The prosecuting barrister is about to give her final speech in a (totally imaginary, of course!) case concerning the (true) (un)reliability of GCSE, AS and A level grades…

She rises; takes her spectacles in her right hand; turns. She carries no papers; needs no notes. She speaks from the heart.

‘Ladies and gentlemen of the jury. The central question it is your duty to answer today is whether or not the defendant has failed to deliver its statutory obligation – an obligation set out in Section 128 of the Apprenticeships, Skills, Children and Learning Act 2009, as amended by Section 22 of the Education Act 2011, “to secure that regulated qualifications give a reliable indication of knowledge, skills and understanding”.

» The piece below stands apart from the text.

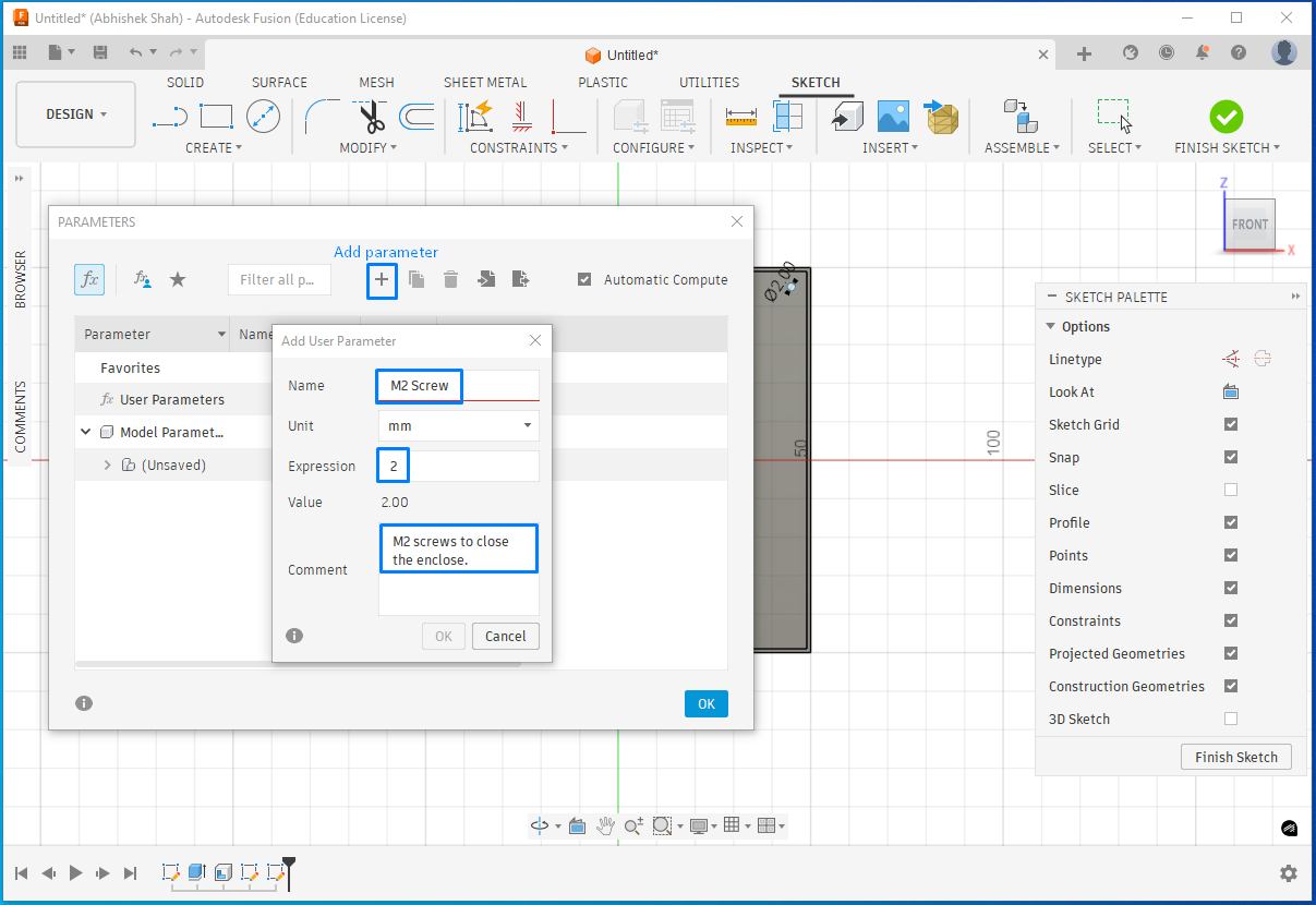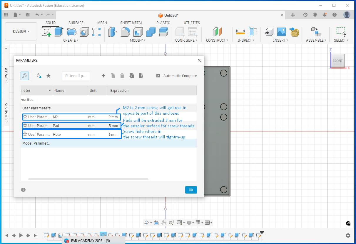 To close the enclosure, I planned to add two screws. I used parametric design so that if the screw size needs to be changed in the future, the update can be done by modifying parameters rather than editing each screw individually.

‘In many trials, the evidence is piecemeal, perhaps circumstantial; a trace here, some DNA there; a GPS location of a mobile phone, an incriminating email. These proceedings, however, are unique as regards the clarity and provenance of the evidence. In this case, there is not just a smoking gun but a veritable smoking howitzer – the statement, made in evidence to the Education Select Committee at their hearing of September 2020, that exam grades “are reliable to one grade either way”.

‘“Reliable to one grade either way.”

‘What does that mean?

‘What it means is this. That an A-level certificate showing, say, Geography, Grade B, is in fact declaring that “The grade the candidate truly merits might be grade B. But it might be grade C. Or even grade A. No one knows.”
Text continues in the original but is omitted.